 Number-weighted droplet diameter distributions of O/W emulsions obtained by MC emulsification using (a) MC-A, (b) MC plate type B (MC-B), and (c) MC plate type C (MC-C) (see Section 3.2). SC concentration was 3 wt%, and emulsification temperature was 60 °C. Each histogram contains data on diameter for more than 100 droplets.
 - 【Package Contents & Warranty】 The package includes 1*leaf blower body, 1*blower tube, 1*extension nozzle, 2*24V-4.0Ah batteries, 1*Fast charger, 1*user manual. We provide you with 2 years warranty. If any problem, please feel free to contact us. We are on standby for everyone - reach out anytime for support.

-*-

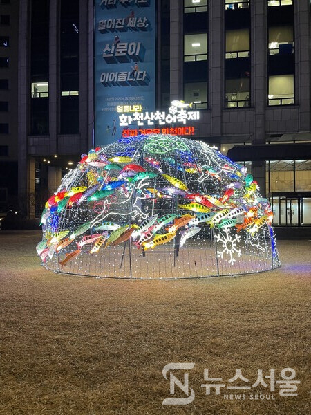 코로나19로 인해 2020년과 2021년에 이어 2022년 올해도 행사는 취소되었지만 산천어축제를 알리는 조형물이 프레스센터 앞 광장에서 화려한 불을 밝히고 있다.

-*-

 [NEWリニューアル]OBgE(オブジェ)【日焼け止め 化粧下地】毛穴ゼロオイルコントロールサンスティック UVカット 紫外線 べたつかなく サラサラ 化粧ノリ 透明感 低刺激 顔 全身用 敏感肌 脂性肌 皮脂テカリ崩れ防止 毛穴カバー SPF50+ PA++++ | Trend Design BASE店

-*-

- What you are asked to do -
Copy the records above exactly, beginning at the line that contains "Number-weighted droplet diameter" and stopping after the line that contains "- 【Package Contents".

- Result of the task -
 Number-weighted droplet diameter distributions of O/W emulsions obtained by MC emulsification using (a) MC-A, (b) MC plate type B (MC-B), and (c) MC plate type C (MC-C) (see Section 3.2). SC concentration was 3 wt%, and emulsification temperature was 60 °C. Each histogram contains data on diameter for more than 100 droplets.
 - 【Package Contents & Warranty】 The package includes 1*leaf blower body, 1*blower tube, 1*extension nozzle, 2*24V-4.0Ah batteries, 1*Fast charger, 1*user manual. We provide you with 2 years warranty. If any problem, please feel free to contact us. We are on standby for everyone - reach out anytime for support.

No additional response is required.